Merci, j'ai voulu essayer mais je n'y arrive pas du tout, j'ai tapé ceci dans Applescript via Automator.
D'autre part, j'ai l'impression que ce script crée à chaque fois un nouveau dossier. Ce n'est pas ce que je souhaite, les fichiers doivent partir dans des dossiers existants.
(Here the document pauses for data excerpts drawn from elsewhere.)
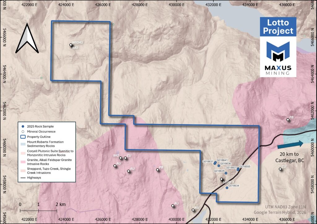 Vancouver, B.C. – Maxus Mining Inc. (“Maxus” or the “Company”) (CSE: MAXM | OTCQB: MXMGF FRA: R7V), is pleased to provide a summary of analytical results from the 2025 field program at its Lotto Tungsten Property (the “Project” or the “Property”), located in the Trail Creek Mining District in British Columbia (Please see Figure 1). Maxus engaged Palliser Exploration Ltd. (“Palliser”) to complete a reconnaissance field program across the Project in autumn 2025 (the “Program”). The first round of results of the 2025 exploration and sampling program at the Project are summarized below (Please see Figure 1).
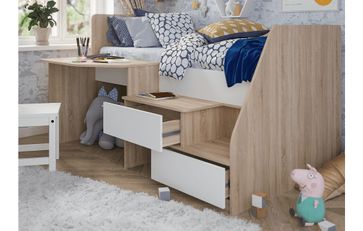 Детская кровать с ящиками Алиса сочетает в себе уютное спальное место и стол, а потайная ниша станет любимым местом игр ребенка
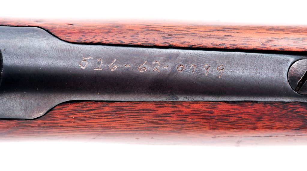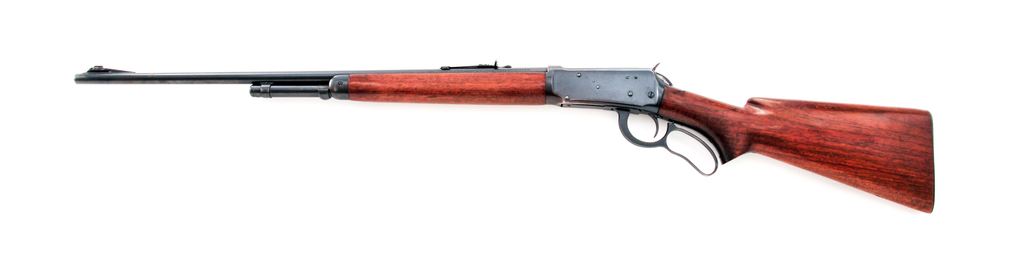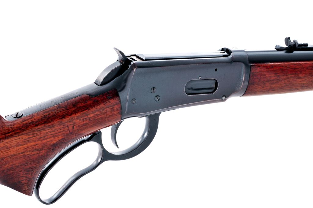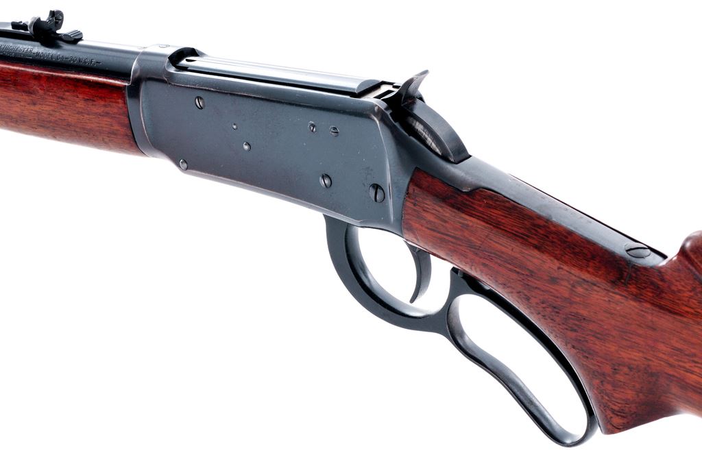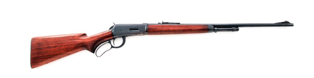 Winchester Model 64 Lever Action Rifle, #1411891, .30 WCF cal., 24'' round barrel, blue finish, pistol-grip walnut stock with checkered steel ''widow's peak'' shotgun butt. Rifle also features a dovetailed front sight on ramped base and a sporting rear sight with elevator. Magazine tube with a sling swivel collar; missing stud and swivel. Top of barrel and receiver are both Winchester proofed. Upper tang with social security number electro penciled into the surface. Mfg'd 1943-1948. Condition is very good with approx. 92% blue remaining showing some light toning and high edgewear on receiver. Left side of barrel near the front sight with one .25'' circular spot of finish loss. Wood with scattered small impressions and handling marks; finish shows some thinning in handling areas. Bottom edge of buttstock with a small hole from a previous swivel stud; pistol grip cap with a circular wood plug with two visible brass pins. Barrel address is clear and well defined. Action and bore are both excellent. Est.: $600-$800. (C&R)
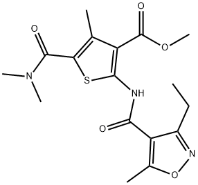 - Synonyms: methyl 5-(dimethylcarbamoyl)-2-(3-ethyl-5-methylisoxazole-4-carboxamido)-4-methylthiophene-3-carboxylate 3-Thiophenecarboxylic acid, 5-[(dimethylamino)carbonyl]-2-[[(3-ethyl-5-methyl-4-isoxazolyl)carbonyl]amino]-4-methyl-, methyl ester
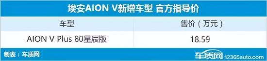 11月8日,编辑从埃安汽车官方获悉,旗下AION V Plus新增一款80星辰版车型,售价为18.59万元。

_on run {input, parameters}

          set chemin to "Macintosh HD:Utilisateurs:maximeentaire Dropboxentaire:Fiches de traçabilité:Édition:Fiches à trier:" as alias
         set destination to "Macintosh D:Utilisateurs:maximeentaire Dropboxentaire:Fiches de traçabilité:Édition:"
         tell application "Finder"
         set les_fichiers to files of chemin
         repeat with chaque_fichier in les_fichiers
         set le_fichier to name of chaque_fichier as string
         set lenom to MBAPPE of le_fichier
         set leprenom to Kylian of le_fichier
         set ladestination to destination & lenom & " " & leprenom & ":" as string
         set original to chemin & le_fichier as string
         move original to ladestination
         end repeat
         display dialog ("waouou ... Ca y est c'est fait !") buttons {"Salut !"}

return input
end run_


On va essayer autrement et je vais tenter de donner le max d'informations

Les fichiers à trier se trouvent ici :
Macintosh HD:Utilisateurs:maximeentaire Dropboxentaire:Fiches de traçabilité:Édition:Fiches à trier:

Dans ce dossier se trouvent les fichiers suivants :
20191015 - MBAPPE Kylian - NEYMAR.pdf
20191015 - Cabinet du PSG - MBAPPE Kylian - NEYMAR.pdf
20191112 - VARANE Raphael - SERGIO.pdf
20191113 - VARANE Raphael - RAMOS.pdf
20191113 - LAMA Bernard - MANDANDA.pdf
20191114 - MATUIDI Blaise - RONALDO.pdf

Les fichiers contenant MBAPPE Kylian doivent aller dans le dossier Macintosh HD:Utilisateurs:maximeentaire Dropboxentaire:Fiches de traçabilitéentistes:MBAPPE Kylian:Fiches de traçabilité:2019:

Les fichiers contenant Cabinet du PSG MBAPPE Kylian doivent aller dans le dossier Macintosh HD:Utilisateurs:maximeentaire Dropboxentaire:Fiches de traçabilitéentistes:Cabinet du PSG:Fiches de traçabilité:MBAPPE Kylian:2019: *(attention ici car il faudra appliquer un ordre de tri)*

Les fichiers contenant LAMA Bernard doivent aller dans le dossier Macintosh HD:Utilisateurs:maximeentaire Dropboxentaire:Fiches de traçabilitéentistes:LAMA Bernard:Fiches de traçabilité:2019:

Les fichiers contenant MATUIDI Blaise doivent aller dans le dossier Macintosh HD:Utilisateurs:maximeentaire Dropboxentaire:Fiches de traçabilitéentistes:MATUIDI Blaise:Fiches de traçabilité:2019:

Les fichiers contenant VARANE Raphael doivent aller dans le dossier Macintosh HD:Utilisateurs:maximeentaire Dropboxentaire:Fiches de traçabilitéentistes:VARANE Raphael:Fiches de traçabilité:2019:

et ainsi de suite

Si un jour par hasard, il n'y a pas de fichier contenant MBAPPE Kylian, le script doit continuer et trier les autres noms.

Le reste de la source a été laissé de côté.